Microservices Architecture, The Hard Parts: Resilient patterns

In a Microservices Architecture, services typically collaborate with each other to serve business use cases. These services may have their own software characteristics in terms of Availability, Scalability, Elasticity, etc. but there will always be a situation when the downstream service you are trying to communicate with is either not available — may be because of a planned downtime, temporary network outage, etc. or is available but is responding slow because of some reason.

In such cases, how the dependent consumer services react is very important? Ideally, the expectation would be to have these dependent services be robust in nature and should be able to handle such issues gracefully. But if they are not resilient, then you are impacting the availability of the functionality these services are responsible for.

And this is what we are trying to address in this blog — Patterns to make a Microservice Resilient!!!

Pattern #1 — Timeout

In a Distributed System, when one service makes a request to another downstream service, it takes time for the roundtrip to complete and is not instant in nature. But, if the downstream service is responding slower than usual or may be its not responding at all, how long should the caller service wait for the response before it concludes saying — something is wrong so let me take an alternate path if available. And this alternate path could be a graceful failure also.
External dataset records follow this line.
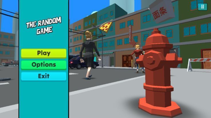 《随机游戏》采用时尚的低多边形(Low-Poly)美术风格,色彩明亮且富有艺术质感,营造出轻松愉悦的视觉氛围。搭配动态音效系统,每个场景均有专属背景音乐——商店内是轻快的爵士旋律,学校走廊回荡着隐约的铃声与脚步声,而进入军事基地后则转为紧张压抑的电子配乐,显著增强情境代入感。值得注意的是,游戏音频设计曾获IndieCade 2024音效创新提名,进一步提升了整体沉浸体验。
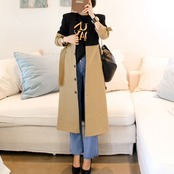 バイカラー ロング チェスターコート ウエストベルト シングルボタン スリム シンプル マニッシュ カッコいい 大人女子 きれいめ 通勤 お出かけ デート 女子会 秋 アウター RB-A09-0108
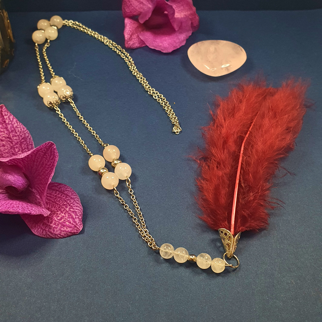 Le sautoir PLUMA séduit par son élégance bohème et son énergie apaisante. Entièrement fait main à Reims, il se compose d’une longue chaîne en acier inoxydable argenté, d’une plume comme pendentif et de perles naturelles d'aventurine verte ou de quartz rose. Ce bijou symbolise la légèreté et l’équilibre intérieur.
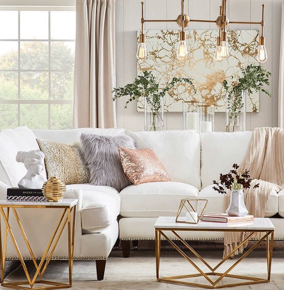 Transform your living room with brass mini tables: For the ultimate living room, try accessorizing with a slender brass coffee table and a mini table. Meanwhile, the look of an ivory sofa, blush pink curtains and pink and grey accent cushions can help to inject elegance into your space.
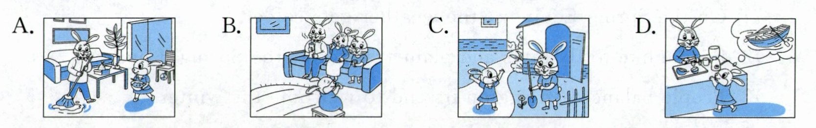 3. 第三段对话“Do you want to go boating, Nana? —That's nice, but I'm making juice(果汁). I need some help. —I can help!”,主要活动是奶奶在做果汁,孩子帮忙,D选项图片中有做果汁的场景,所以3对应D。
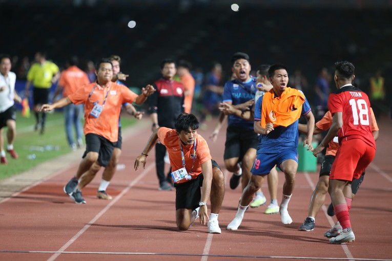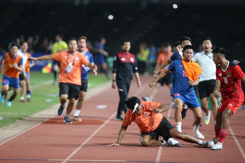 | Hình ảnh xấu xí trong trận chung kết SEA Games 32 giữa U22 Indonesia và U22 Thái Lan. |
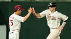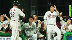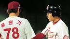 '2009 CJ 마구마구 프로야구' 히어로즈와 삼성 라이온즈의 경기가 12일 목동 구장에서 벌어졌다. 8회말 2사 주자 2,3루 히어로즈 강정호가 좌중간 1타점 적시타를 날린 후 홍원기 코치와 하이파이브를 하고 있다. /목동=민경훈 기자 rumi@osen.co.kr

If you wait too long to decide then it can slow down the caller service. If you give up too early, then chances are that things could have worked but you went too aggressive and declared it failed. And if you don’t have any timeouts configured then the caller service can come to a hang state very soon, impacting all features it is responsible for.

Let’s see this with an example — A Content Microservice handling use cases of Content Creation and Content Promotion.

Content Creation and Promotion features of Content Service

In this case, while creating a new content, if the Content Moderation service takes time to respond, then it will impact the content creation time. With more and more requests coming for content creation, the system resources will be blocked waiting for the response from the Content Moderation service, eventually leading to resource contention. And because of resource crunch, if someone tries to perform Share Content use case, because of resource crunch, the Content service will not be able to handle the request despite the External Social Platform Integration service is up and running fine.

In this case, asynchronous communication could have worked better but the synchronous communication is shown just to explain the Timeout issue.

Ok, I get that but how do you hit that sweet spot of when to time out? Well it depends on quite a few things —

Understand the context in which the external call is made. If there is a Service Level Objective (SLO) of 3 seconds for content creation in above case, then the timeout cannot be more than 3 seconds for Content Moderation request to respond back.
If a use case overall has a SLO of 5 seconds and the implementation calls more than one API call then plan for the timeouts on individual API calls such that it does not exceed the overall SLO of 5 seconds.
The amount of time to wait can also be calculated depending on the context in which the call is invoked. Example — if Content Moderation has SLO of 3 seconds and if the Content Moderation API call is invoked after 1 second then all you are left with is 2 seconds of timeout for Content Moderation request before the overall transaction timeout.
Observe the p90 or p95 latency for the external API calls and set the timeout accordingly.

Pattern #2 — Retries

If a downstream service fails to respond then you may want to handle the situation by retrying the operation in case the problem happens to be temporary and a retry might just work.

There could be reasons for the service not responding:

A new version of the downstream service might be getting deployed when you made the request for the first time and hence it failed to respond
There could be a temporary network glitch
Maybe the API Gateway/Proxy service is too overloaded to relay the request to the target service.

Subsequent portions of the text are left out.